Authority Transition Gap Analysis

Authority Transition Gap Analysis #

Analysis of gaps between the authority transition runbook and the actual state of automation, performed 2026-03-26 against the segmented 10-space (10.20.x.x with per-VLAN subnets).

Scope: bootstrap-authoritative.yml, core-authoritative.yml, the bootstrap role, inventory group_vars, dnsmasq templates, and the OPNsense DNS/DHCP roles in deevnet.net.


Critical Gaps #

GAP 1: bootstrap-authoritative.yml doesn’t enable DHCP #

Runbook says: make bootstrap-auth enables DNS/DHCP/gateway on the builder.

Reality: The playbook calls include_role: bootstrap without overriding bootstrap_tftp_backend or bootstrap_dnsmasq_dhcp_enabled. Inventory has both set to their production values (tftpd / false), so running the playbook installs standalone tftpd with DHCP off.

The playbook enables IP forwarding and masquerading but never actually starts dnsmasq or enables DHCP. The procedure is non-functional.

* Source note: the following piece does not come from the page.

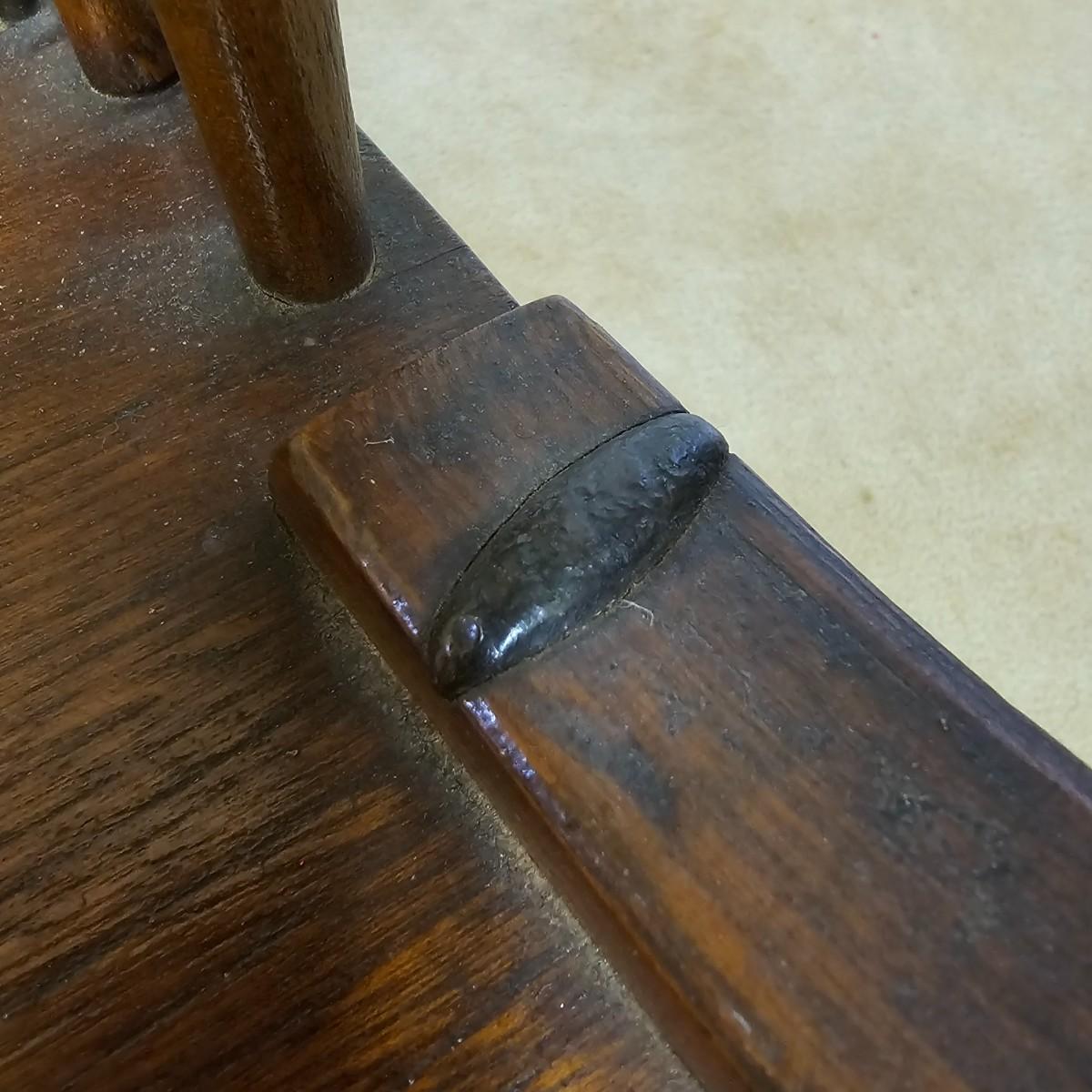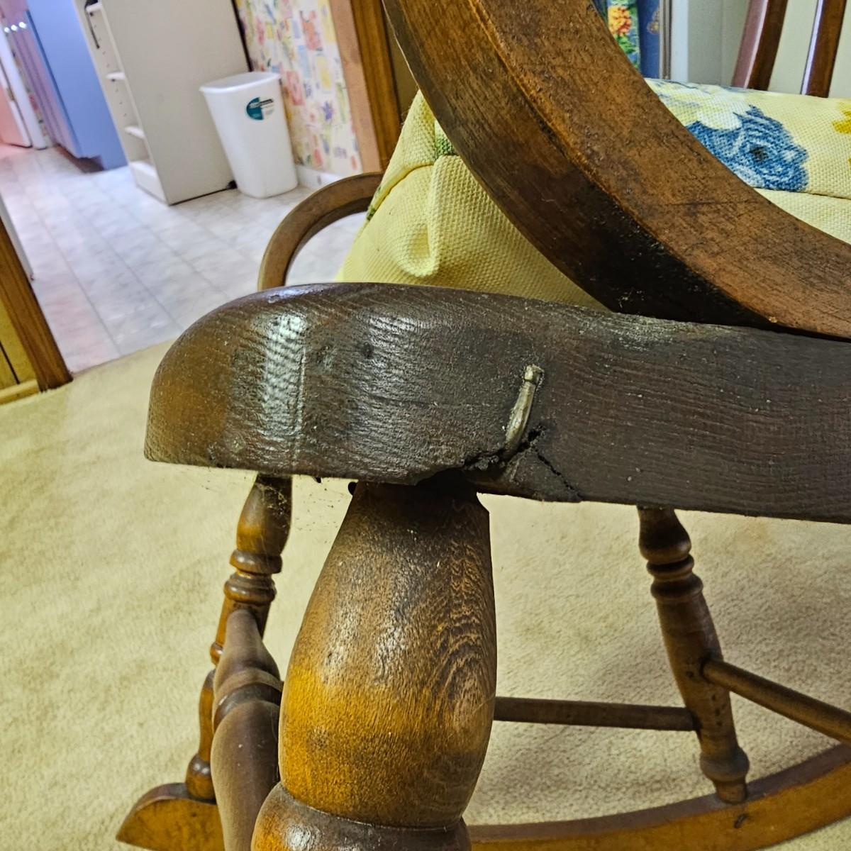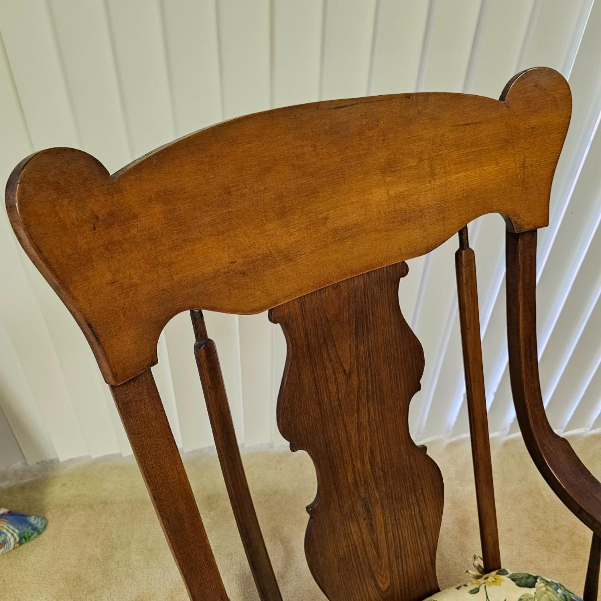 Nice, simple oak rocker with solid seat and cushion. Appears to also have other solid woods in its construction, and possibly hand forged hardware. Chair measures 23.5" x 33" x 39" H and has a 16" seat height. Curved arms with apindle supports. See photos for details. Local pickup only.

Fix: The playbook needs to pass bootstrap_tftp_backend: dnsmasq, bootstrap_dnsmasq_dhcp_enabled: true, and bootstrap_dnsmasq_service_enabled: true as vars to the role include.

GAP 2: No IP reconfiguration during transition β€” RESOLVED #

Runbook says: “Reconfigure builder IP β€” Move the builder from the gateway IP to its reserved IP” (promote) and the reverse for revert.

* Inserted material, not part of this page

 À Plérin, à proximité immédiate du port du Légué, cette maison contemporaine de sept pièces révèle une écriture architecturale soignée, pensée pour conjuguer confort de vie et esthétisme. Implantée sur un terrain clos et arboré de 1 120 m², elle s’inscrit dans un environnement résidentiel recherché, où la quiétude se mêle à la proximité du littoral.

Fix (2026-03-26): Both playbooks now swap the management interface IP as the final step using NetworkManager (nmcli). The swap uses async/poll: 0 (fire-and-forget) because changing the IP drops the SSH connection. All configuration work completes first while connectivity is stable. The playbooks also handle the default gateway: removed in bootstrap mode (builder IS the gateway), restored in production mode (core router is the gateway). An idempotency check skips the swap if the target IP is already configured.

GAP 3: No DNS host records in bootstrap dnsmasq β€” RESOLVED #

Runbook/architecture says: In bootstrap mode, the builder holds all dvntm.deevnet.net DNS records locally.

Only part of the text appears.